08 Temmuz 2009

Damadı Tanıyorum


Düğün mevsimi diye nitelendirilen yaz aylarından nefret ediyorum. Okul zamanları yazların bir anlamı vardı. Gerçekten kışlar soğuk ve yağışlı, yazlar sıcak ve kurak geçerdi ama bu kuraklık denize girerek, akşama kadar yatarak, hiçbirşey yapmamanın dayanılmaz hafifliği ile sürüp giderdi.
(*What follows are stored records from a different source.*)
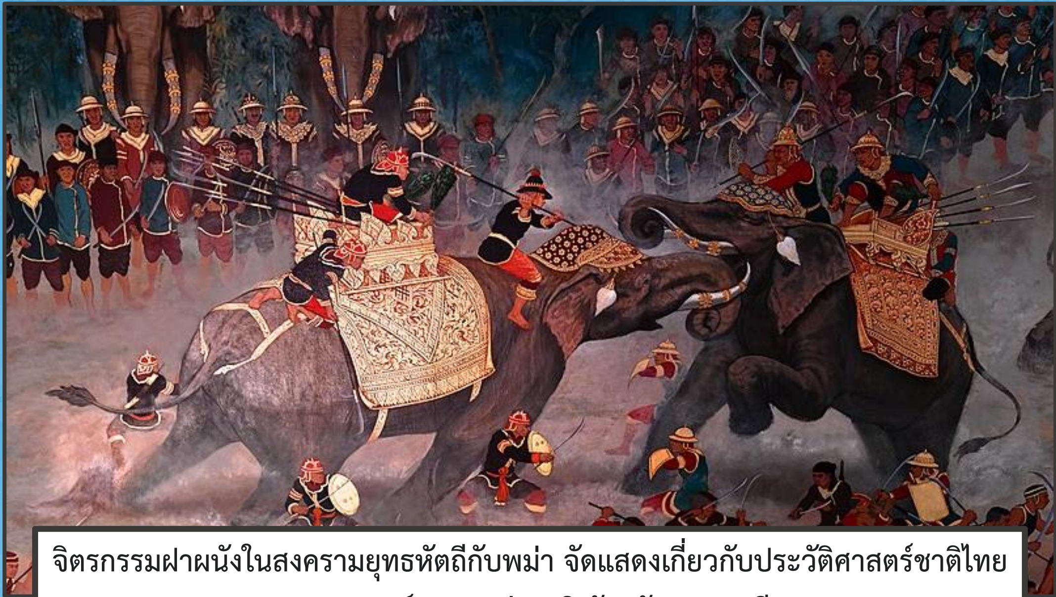
จิตรกรรมฝาผนังในสงครามยุทธหัตถีกับพม่า จัดแสดงเกี่ยวกับประวัติศาสตร์ชาติไทย ณ อนุสรณ์สถานแห่งชาติ จังหวัดปทุมธานี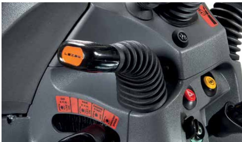
VELOCITÀ DI AVANZAMENTO IN KM/H DEL CAMBIO MECCANICO 12+12

Per quanto riguarda la frenatura i Solaris sono dotati di un sistema potente ed efficace a dischi in bagno d'olio per una completa sicurezza operativa.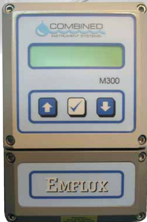
Emflux M300 Transmisor para caudalímetro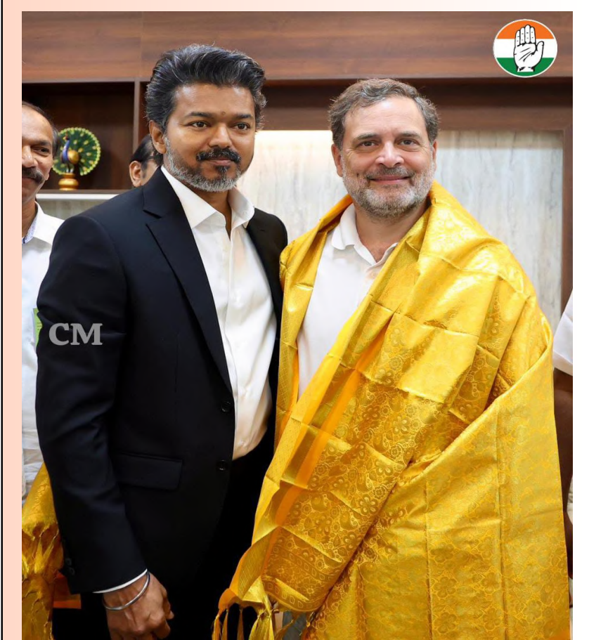
ప్రతిపక్ష నాయకుడు శ్రీ రాహుల్ గాంధీ, చెన్నైలో తమిళనాడు ముఖ్యమంత్రిగా శ్రీ టీవీకే విజయ్ హెచ్ క్యూ ప్రమాణ స్వీకార కార్యక్రమానికి హాజరయ్యారు.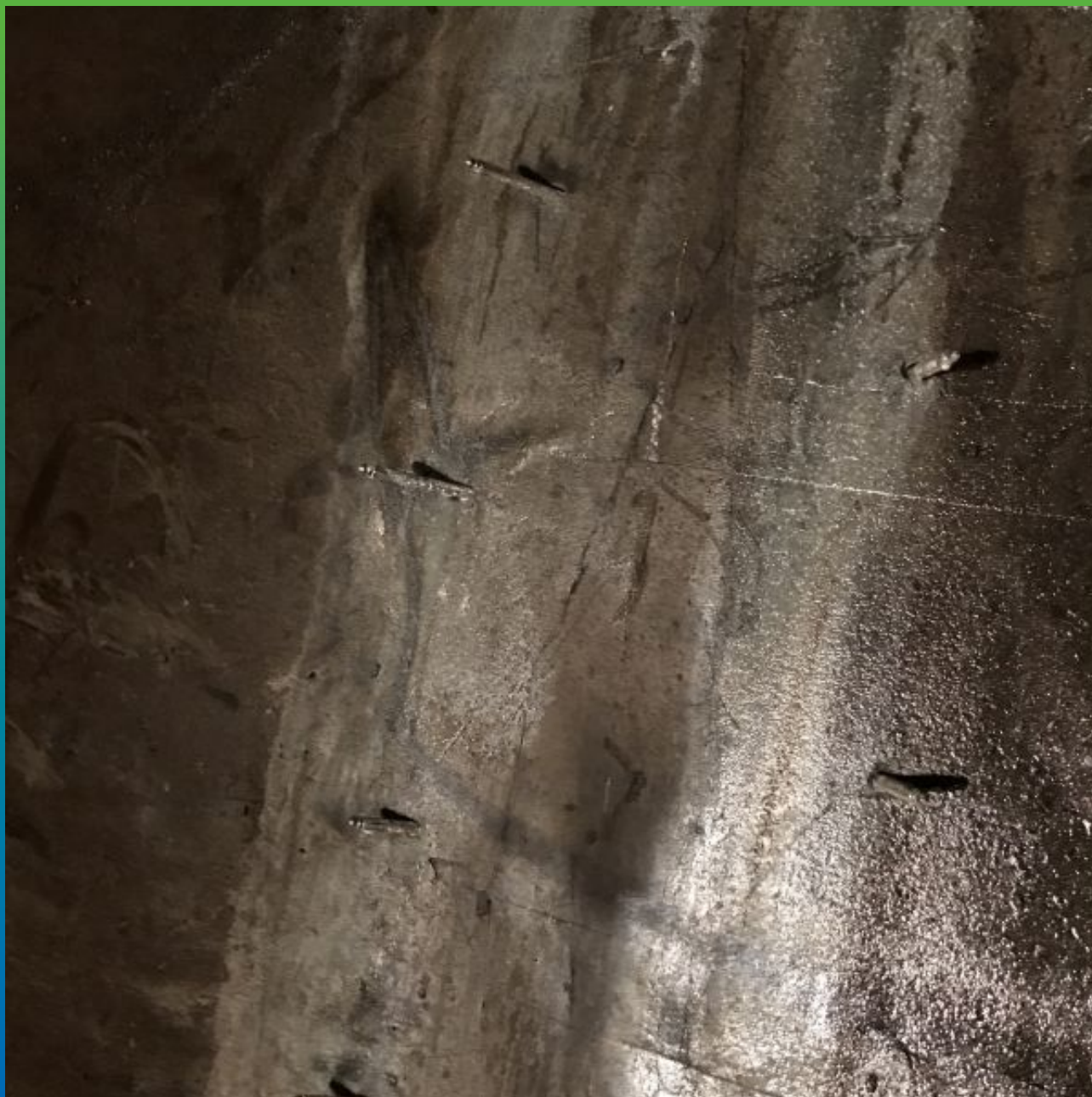
Вид на проинъектированный шов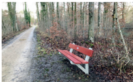
Neues Bänkli oberhalb Kanal.

Am Weg entlang dem Kanal (Weg zum ehemaligen Fussballplatz) wurden zwei alte Betonbänke ersetzt durch neue VVR-Bänkli.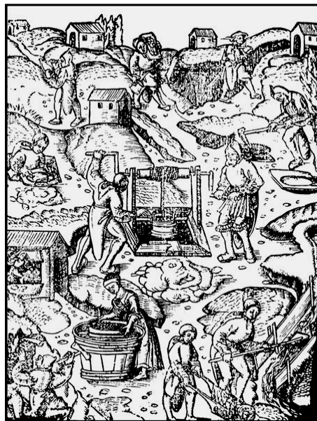
dřevorytina jáchymovských hornických činností z knihy Hanse Rudhardta

Habsburkové se od samého počátku nástupu k moci snažili odvrátit úpadek dolování. Osvozovali báňská města od daní a povyšovali je na královská horní města, pokoušeli se zavádět pořádek do horního podnikání, potírali podloudnictví s vytěženým kovem, vypláceli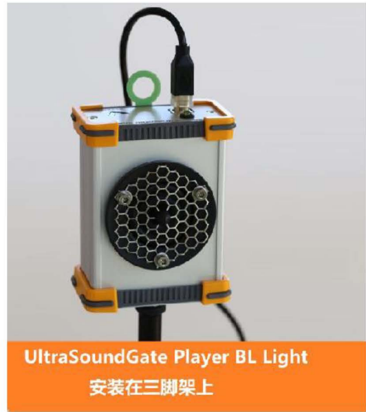
UltraSoundGate Player BL Light 安装在三脚架上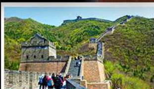
กำแพงเมืองจีนด่านจวิยงกวน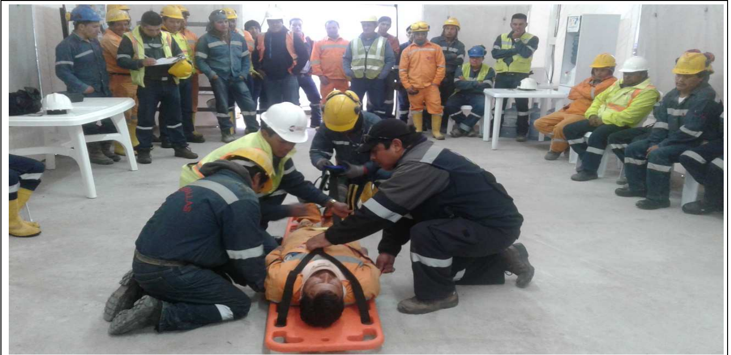
Frente de Obra: El Recreo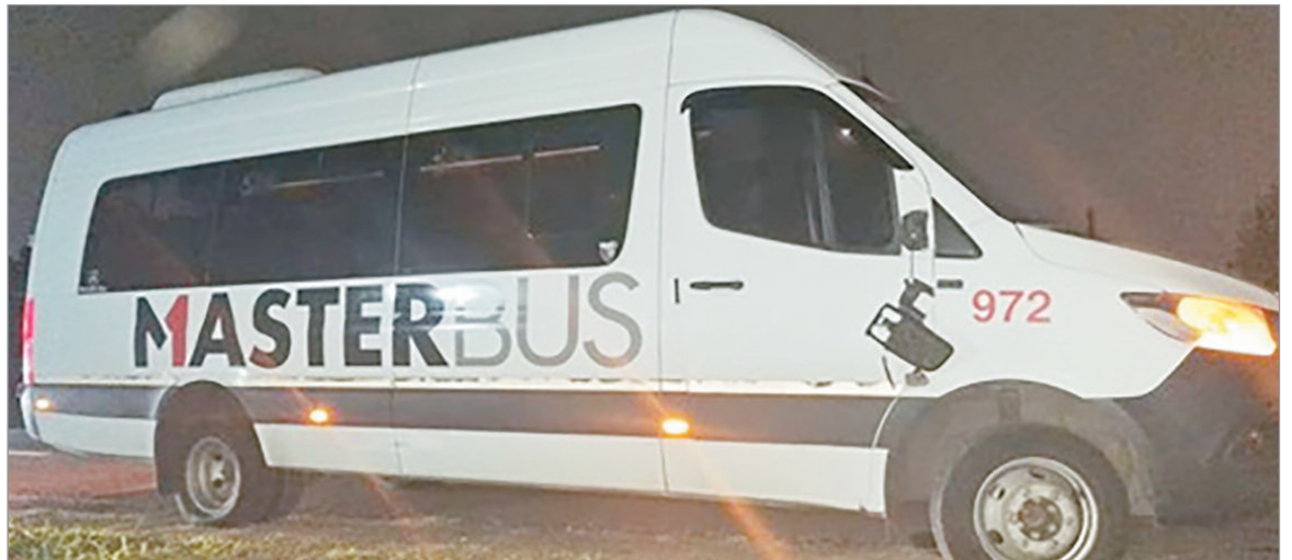
El caso en Ruta 2

cional de Instrucción N° 10 de La Plata, caratulada como “homicidio culposo”.

Arada bir eşin dostun düğünü vesairesi olursa da "şimdi uzaklardayım mayom kum ile doldu" diyerek geçiştirilirdi.
Çalışmak zorunda olunan yaz ayları yaşanırken ise pek maalesef hiçbir yere kaçış şansı yok hatta hatırını kırmak istemeyeceğiniz insanlar birbirlerinden habersiz aynı gün evlenmeye karar vermişlerse bir güne iki nikah sıkıştırmak zorunda da kalabiliyorsunuz. Hele bir de mesafeler uzak ise bu durumu işkence olarak nitelendirmek mümkün.
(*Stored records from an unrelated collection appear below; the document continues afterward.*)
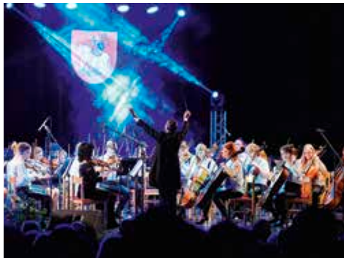
Orchestr Harmonia Iuvenis ZUŠ Vysoké Mýto rozdával celý večer dobrou náladu.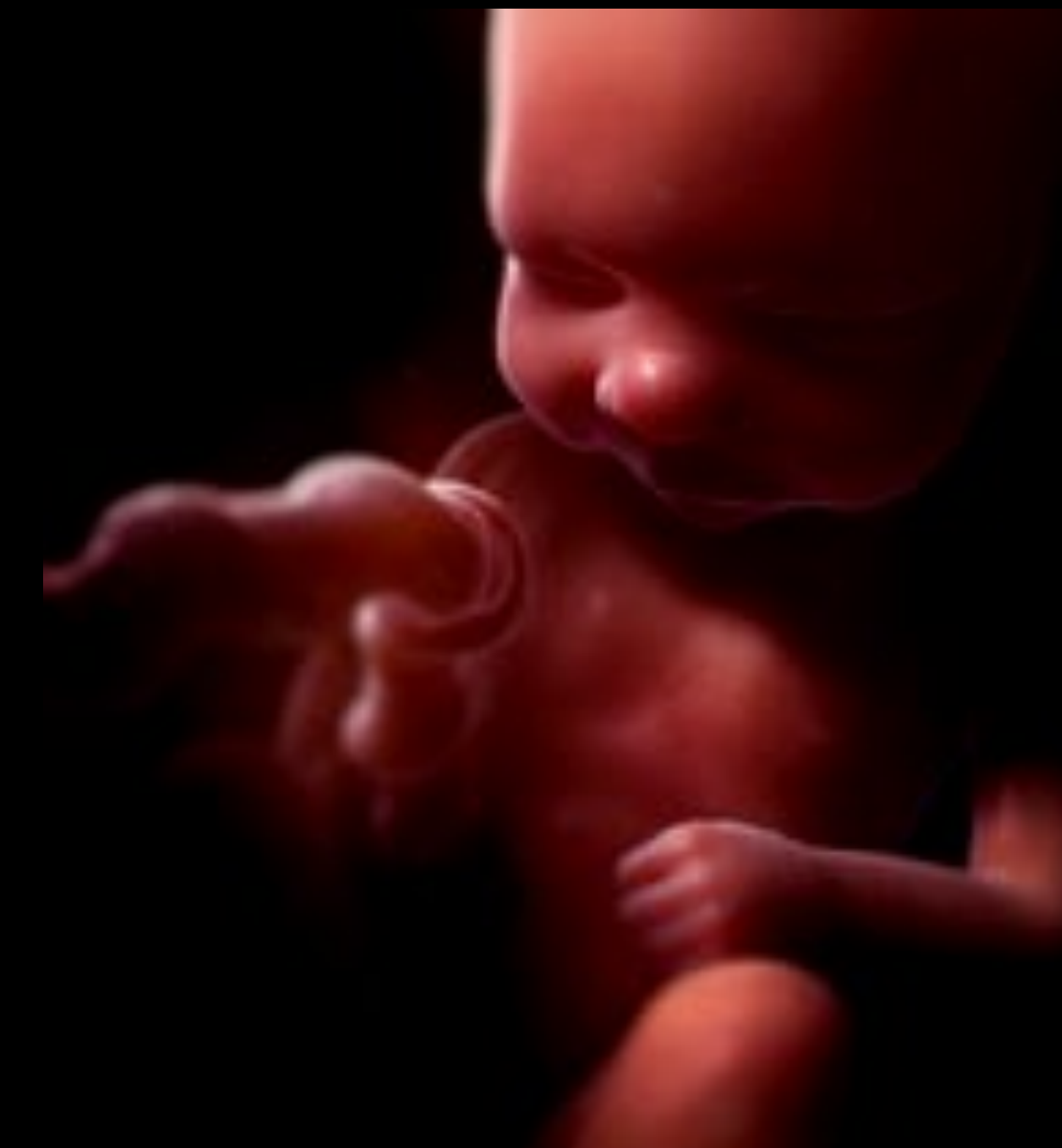
Embryon 32 semaines Il gigote beaucoup. Il garde les yeux ouverts.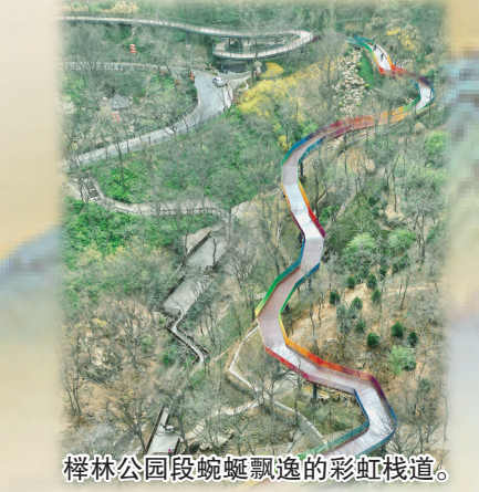
桦林公园段蜿蜒飘逸的彩虹栈道。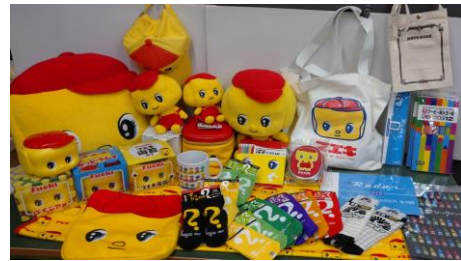
〔フェキくんアイテム〕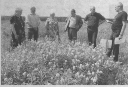
Руководители сельхозпредприятия Тяжинского района уже сейчас готовы приобрести многообещающий новый сорт клевера.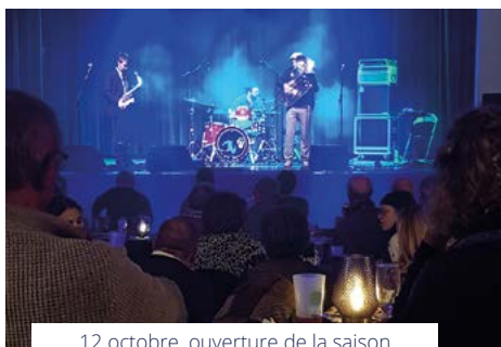
12 octobre, ouverture de la saison culturelle avec le concert du trio MadCheetah et sa musique Rock-World-Balkanique.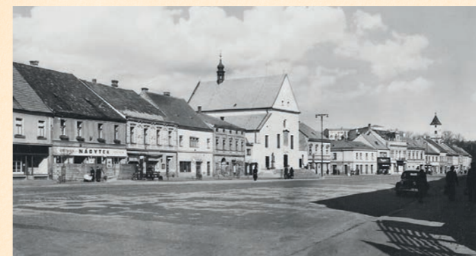
Pohled na část Masarykova náměstí

Düğün dernekten sıfır yaşımdan beri nefret ederim. Artık can sıkıcı bir klişe haline gelmiş düğün saçmalıklarından bahsetmeyeceğim nitekim saçmalık olduklarında hepimiz hem fikiriz. Daha ilkokulda iken gidilen düğünlere iskambil kağıdı, kare bulmaca, rubik küpü, icat olduğundan itibaren tetris, bazı zamanlar walkman götüren bendenizin olaya bakışı yıllar geçtikçe iyice soğudu. Bugünlerde gittiğim düğünlerde beni eğlendiren tek şey ise gelin veya damadı gelin veya damat sıfatlarını kazanmadan önce yakından tanıyor olmam.
Malum küçükken gidilen düğünlerde evlenen kişi amca, dayı bile olsa damat kişisine bir miktar mesafeli durmak zorunda kalınıyor. Halbuki damat küçükken altına işediğini bildiğiniz, bol miktarda parmak attığınız, ilk cinsel deneyiminde yediği (veya yiyemediği:)) haltları sizinle paylaşan biri olunca ve onu o kalabalık önünde mahçup bir eda ile sırıtmaya çalışırken gördüğünüz zaman beyninizde oluşan ironi, nikahı bir miktar keyifli hale getirebiliyor.
Amma ve lakin aynı şeylerin sizin için de geçerli olacağını bildiğiniz bekar bir erkekseniz çok da fazla eğlenmeyin ya da damadı tebrik ederken kulağına eğilip "Natalie çok üzülmüş" demeyin, dediyseniz de gelin duymasın, duyduysa da kaçın. En azından damat adamının "görüşeceğiz" demesiyle gözünüzde canlanan kendi nikahınıza kıyamet günü gözüyle bakmamış olursunuz.
Fotoğraf Barış Manço'nun düğün plağı kapağı. Herşeyiyle farklıydı işte, sevince böyle sevmek, yapınca böylesini yapmak lazım.